Not fitting a single first order in biochar treatments could be due to the alteration in the diffusion of pesticides by biochar (Carter et al. 2014). For example, biochar may immobilize the CP at lower concentrations by biochar restricting its quick diffusion. However, at higher concentrations, higher catabolic activities of soil microbes in biochar caused rapid degradation of pesticides and limited quick diffusion. The changes in the soil properties by biochar may also alter enzymatic and metabolic activity within plants and affect pesticide metabolism in plants (Tao et al. 2021). The reduction of plateau and half-life of CP and ATZ in plant tissues of biochar treatments was in line with these findings.
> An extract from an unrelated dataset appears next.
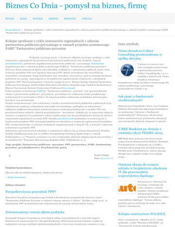 Biznes Co Dnia - pomysł na biznes, firmę RYNEK BANK SYSTEM SERWIS PRODUKT USŁUGA Strona główna » Kolejne spotkanie z cyklu seminariów regionalnych z zakresu partnerstwa publiczno-prywatnego w ramach projektu systemowego PARP "Partnerstwo publiczno-prywatne Kolejne spotkanie z cyklu seminariów regionalnych z zakresu partnerstwa publiczno-prywatnego w ramach projektu systemowego PARP "Partnerstwo publiczno-prywatne W dniach 2-3 lutego 2012r. w Krakowie odbędzie się drugie spotkanie z cyklu seminariów regionalnych dla przedstawicieli instytucji publicznych oraz średnich i dużych Inne artykuły Firma doradcza Collect Consulting przekształcona w spółkę akcyjną przedsiębiorstw, poświęcone zagadnieniom partnerstwa publiczno - prywatnego. Seminarium organizowane jest w ramach projektu systemowego PARP pt. "Partnerstwo publiczno-prywatne". Z dniem 10 czerwca 2011 roku nastąpiła zmiana formy organizacyjno-prawnej Pierwszy dzień seminarium będzie mieć charakter wykładowy z omówieniem ogólnych zasad i form realizacji projektów PPP oraz legislacji dotyczącej PPP. Będzie prowadzony dla wszystkich 55 uczestników seminarium. Drugi dzień będzie mieć charakter warsztatowy, podczas którego słuchacze, podzieleni na 2 grupy, zapoznają się ze szczegółowymi zagadnieniami związanymi z wdrażaniem projektów PPP. Wśród prelegentów i trenerów znajdą się m.in.: Bartosz Korbus (Instytut Partnerstwa Publiczno-Prywatnego), Rafal Cieślak (Kancelaria Doradztwa Gospodarczego Cieślak & Kordasiewicz) i Marcin Wawrzyniak (Instytut Partnerstwa Publiczno-Prywatnego). Celem projektu systemowego PARP pt. "Partnerstwo publiczno - prywatne" jest upowszechnienie wiedzy o partnerstwie publiczno - prywatnym, prowadzące do zwiększenia liczby przedsięwzięć realizowanych w tej formule w Polsce. W ramach projektu realizowane są działania informacyjnodoradcze oraz promocyjne. Projekt został stworzony i jest realizowany z myślą o przedstawicielach podmiotów publicznych m.in. Collect Consulting Sp. z o.o. z siedzibą w Katowicach. Firma doradcza świadcząca kompleksowe usługi doradztwa biznesowego dla sektora publicznego i prywatnego przekształcona została w sp… Jak pisać o funduszach strukturalnych? administracji rządowej, jednostkach samorządu terytorialnego, podległym im jednostkom i zakładom/spółkom komunalnym zainteresowanym realizacją przedsięwzięć w modelu PPP oraz Ministerstwo Gospodarki i Pracy oraz Fundacja Edukacji Ekonomicznej zapraszają dziennikarzy przedstawicielom średnich i dużych przedsiębiorstw - inwestorów. Zakłada się, że wsparciem objętych zostanie co najmniej 100 podmiotów sektora publicznego oraz 60 przedsiębiorstw biorących udział w na seminarium "Jak pisać o funduszach strukturalnych?" (Warszawa, 28.06.2005). seminariach regionalnych na temat PPP. Ponadto przedstawiciele podmiotów uczestniczących w konkursach projektów PPP otrzymają kompleksowe doradztwo w realizacji zaplanowanych projektów Celem seminarium jest przekazanie informacji oraz nawiązanie dyskusji związanej ze sposob… PPP, wezmą udział także w wizytach studyjnych zorganizowanych w krajach UE, w których z sukcesem realizowane są projekty PPP. Rejestracja zainteresowanych udziałem w seminariach odbywa się na stronie internetowej Projektu. Projekt współfinansowany jest ze środków Europejskiego Funduszu Społecznego w ramach Poddziałania 2.1.3 "Wsparcie systemowe na rzecz zwiększania zdolności adaptacyjnych pracowników i przedsiębiorstw" Programu Operacyjnego Kapitał Ludzki, Poddziałanie 2.1.3. Tagi: projekt, Partnerstwo publiczno - prywatne, PPP, partnerstwo, PARP, Seminarium, prywatny, przedsiębiorstwo, Przedstawiciel, praca 0 Dodał: Wojtek Data: 2012-0 1-2 7 Ostatnie komentarze: Obecnie nikt nie dodał komentarza. Dodaj swój własny. + Dodaj komentarz Więcej komentarzy >> Z BRE Bankiem po dotacje z ostatniej edycji PHARE 2003 BRE Bank służy pomocą i merytorycznym wsparciem przedstawicielom Małych i Średnich Przedsiębiorstw w ubieganiu się o środki z ostatniej edycji programu przedakcesyjnego PHARE 2003. Przedsiębiorcy, którzy planują ubiegać się o wsparcie unijne oraz szukają źróde… Ostatnia okazja do wzięcia udziału w bezpłatnym szkoleniu IT dla pracowników województwa śląskiego Ruszył proces rekrutacji do Zobacz również: trzeciego, ostatniego już cyklu szkoleń w ramach Perspektywiczna przyszłość PPP? projektu "System zarządzania dokumentami (DMS) - Kancelaria Doradztwa Gospodarczego Cieślak & Kordasiewicz przygotowała obszerny raport "Partnerstwo Publiczno-Prywatne w sektorze ochrony zdrowia w Polsce". Wynika z niego m.in., że mechanizmy PPP są niedostatecznie wykorzystane do rozwoju infrastruktury branż… Zrównoważony rozwój okiem praktyka Europejski Kongres Gospodarczy 2010 będzie jedną z najważniejszych w tym roku imprez biznesowych organizowanych w Europie Środkowej. Wśród poruszanych tematów znajdą się najbardziej znaczące problemy globalnej gospodarki, w tym sesja tematyczna związana ze wsp… szkolenia IT dla pracowników województwa śląskiego". Trzecia odsłona projektu potrwa od lutego do maja 2011 roku. Udział w szkoleniach… Kolejne seminarium SOLIDEX Dnia 11 września br. odbędzie się IV z kolei spotkanie, z cyklu "Seminaria SOLIDEX", pt. "Nowoczesne systemy zintegrowanej komunikacji jako element budowy przewagi Placówki medyczne w Polsce. Planowanie i realizacja konkurencyjnej." Zajęcia prowadzone są przez SOLIDnych EXpertów oraz naszych Partnerów w Nowe placówki medyczne nie są realizowane w Polsce zbyt często. W naszym kraju raczkują dopiero nowocze… projekty przeprowadzane w ramach partnerstwa publiczno-prywatnego (PPP).Pierwsza oparta o tego typu współpracę, pilotażowa placówka medyczna jest właśnie realizowan… Kolejne projekty EFS realizowane przez House of Skills Kolejne projekty EFS realizowane przez House of Skills Firma szkoleni

A good fit for the Michaelis–Menten equation described the CP/ATZ uptake process as carrier-mediated (Liu et al. 2021). It may be possible that some protein present or induced by pesticide stress participates in the active transport of the CP and ATZ in the A. Paniculata. The active transport of hydrophobic organophosphate esters was reported in wheat by nonspecific lipid transfer proteins (nsLTPs) (Liu et al. 2022). The decrease in the Km value (increase in affinity to bind) with time suggested that the induction of the protein involved in transportation occurs with time. The reduction in affinity of CP/ATZ to bind and reaction velocity in biochar treatment suggested less induction of carrier protein. Biochar treatments in soil may also produce some inhibitors that reduce the affinity (high Km) of CP and ATZ in plants. Various inhibitors are reported in the literature, slowing down pesticide binding in plant tissues (Gressel 2020). In our study, the clustering of Vmax and Km of root and Km of aboveground plant tissues with Flavisolibacter and Pseudomonas suggested these genera may, besides their degradation potential for CP/ATZ, play an essential role in the uptake of CP and ATZ. They may also participate in degrading CP/ATZ present in plant tissues. The hydrolysing potential of endophytic bacterial strain, Pseudomonas sp. BF1-3 isolated from Balloon flower (Platycodon grandiflorum) root was reported for CP (Barman et al. 2014). Overall, biochar treatment provided habitat/growth to some degraders or accelerated the development of endophytic bacteria with CP or ATZ degradation potential. This area needs to be studied further.

5 Conclusions

The study demonstrated that the application of biochar reduced the half-life of CP and ATZ from 8.3–74.6 days to 6.6–41.1 days and 21–145 days to 40–76 days, respectively, depending upon their concentrations in soil. Applying biochar in soil improved the pH, bulk density, water-holding capacity, and microbial carbon. The use of biochar in the soil also increased the population of pesticide degrader and plant growth-promoting genera such as Flavisolibacter, Pseudomonas, Balneimonas, Kaistobacter, Rubrobacter, Ammoniphilus, and Bacillus. This increase led to the rapid degradation of CP/ATZ in the soil, reduction in pesticide toxicity  to microbes and improvment in plant growth. Applying biochar also modified the uptake kinetics of pesticides in plant tissues by reducing their binding affinity in plant tissues. This study is the first to demonstrate the role of biochar in the uptake kinetics of CP/ATZ. Further studies are needed to understand the process thoroughly.